Лера не знала законов, не знала бесчисленных строгих правил и инструкций, да и знать их не хотела, и она бы даже не подумала заниматься всей этой бракоразводной пакостью, если бы не Феликс. Он настаивал на том, чтобы она развелась как можно скорее, и они бы тогда поженились. «Конечно, в так называемый дворец бракосочетаний мы с тобой не пойдем,– говорил он ей.– Насколько я тебя уже знаю, ты тоже против пошлостей с фатой, с автомобилями, на которых изображены обручальные кольца, и прочей мещанской требухой. Кто только надумал вытащить это из нафталина? Никаких демонстраций с плакатами и транспарантами как будто бы не было, никаких выступлений масс с требованиями: „Фаты, фаты! Обручальных колец!“ – тоже. Тихонько, по чьей-то единоличной воле, выползло это, подобно клопам из-за старых обоев». И регистрация-то брака, как считал Феликс, в условиях социалистического общества – простая формальность; желающие могут ее соблюдать, а кто не желает, может обойтись и без нее.
«Ну и обойдемся», – согласилась было с его рассуждениями Лера. «Нет, – сказал он, – у нас с тобой тот случай, когда регистрация просто необходима». Феликс хитрил. Он боялся потерять Леру. Лера была для него так хороша и желанна, он так ее полюбил, такую радость принесло ему чувство к ней, что он понял: вот настоящая-то любовь, которая бывает, может быть, раз в жизни.
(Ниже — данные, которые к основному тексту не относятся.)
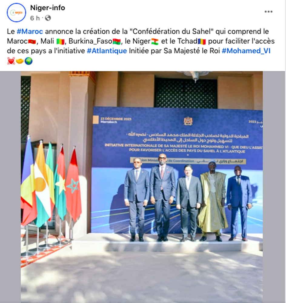 Une publication Facebook affirme que le Maroc aurait annoncé la création de la « Confédération du Sahel », comprenant le Maroc, le Mali, le Burkina Faso, le Niger et le Tchad, dans le but de faciliter l’accès de ces pays à une initiative internationale soutenue par le Roi Mohammed VI. Cette affirmation est cependant trompeuse.

Но Лера. пока она не развелась там и пока не оформлена должными бумагами здесь, была в его глазах еще несвободной, такой, когда кто-то чужой еще может заявлять на нее свои какие-то права. И, кроме того, Феликсу казалось, что при его необъятной любви к ней она-то все еще недостаточно твердо решила все для себя, что она колеблется, сомневается, раздумывает.
Лера знала эти волнения Феликса, он говорил ей о них то и дело, она бы и рада его успокоить, ни о чем больше не раздумывать, поступать только так, как хочет он. Но как же не раздумывать? Как не считаться с действительностью? Во-первых, она не разведена. Во-вторых, Толик. В-третьих, да, да, она на три года его старше. «Значит, ты меня не любишь,– сказал ей Феликс,– если способна вот так спокойненько взвешивать все эти „во-первых“ и „в-третьих“?» «Нет, напротив, это значит, что я тебя люблю! – ответила она ему.– Если бы не любила, то, пожалуйста, на тебе, получай и чужого сына и старую, пожившую бабу!» Все их встречи стали заканчиваться мучительными перепалками. В довершение ко всему, вместо того чтобы прислать согласие на развод, Спада прислал письмо.
«Развод получишь, – писал он Лере, – когда пройдешь все семь кругов ада. Нет, не думай, твоего полурусского сыночка я у тебя требовать не стану, возьми его себе на память обо мне, об Италии. Нет, не в нем дело. А в том, что и ты и твой Булатов набегаетесь, как у вас там, в Советском Союзе, называют, по инстанциям. Я уже послал письмо в партийный комитет этого ловеласа о том, как он проводил с тобой время в Турине, как подло и нагло законную жену законного мужа таскал к себе в гостиницу, как переманил тебя в Москву, стоптав в хлопотах об этом все свои каблуки. Вы еще повертитесь, покрутитесь с ним перед своей общественностью. Вот когда тебя вместе с ним все оплюют, катись тогда на все четыре стороны, и еще катись…» – Дальше шли целых четыре строки матерщины, омерзительных слов о ней и обращенных к ней. Звучало это так обнаженно грязно, так страшно, что в первые минуты Лере стало физически скверно, сна почувствовала, как на ее лбу, на висках выступили холодные капли. Ее даже шатнуло. Она села на стул. Затем пришла мысль о том, что гадость эту Спада приписал лишь для того, чтобы Лера никому не смогла показать его письмо. Он раскрывается в этом письме во всей своей отвратительной сущности, но попробуй предъяви письмо с такой припиской в суд или в партийный комитет, о котором, помянул Спада! Это же ужас, ужас! И отрезать грязные строки нельзя – не будет подписи.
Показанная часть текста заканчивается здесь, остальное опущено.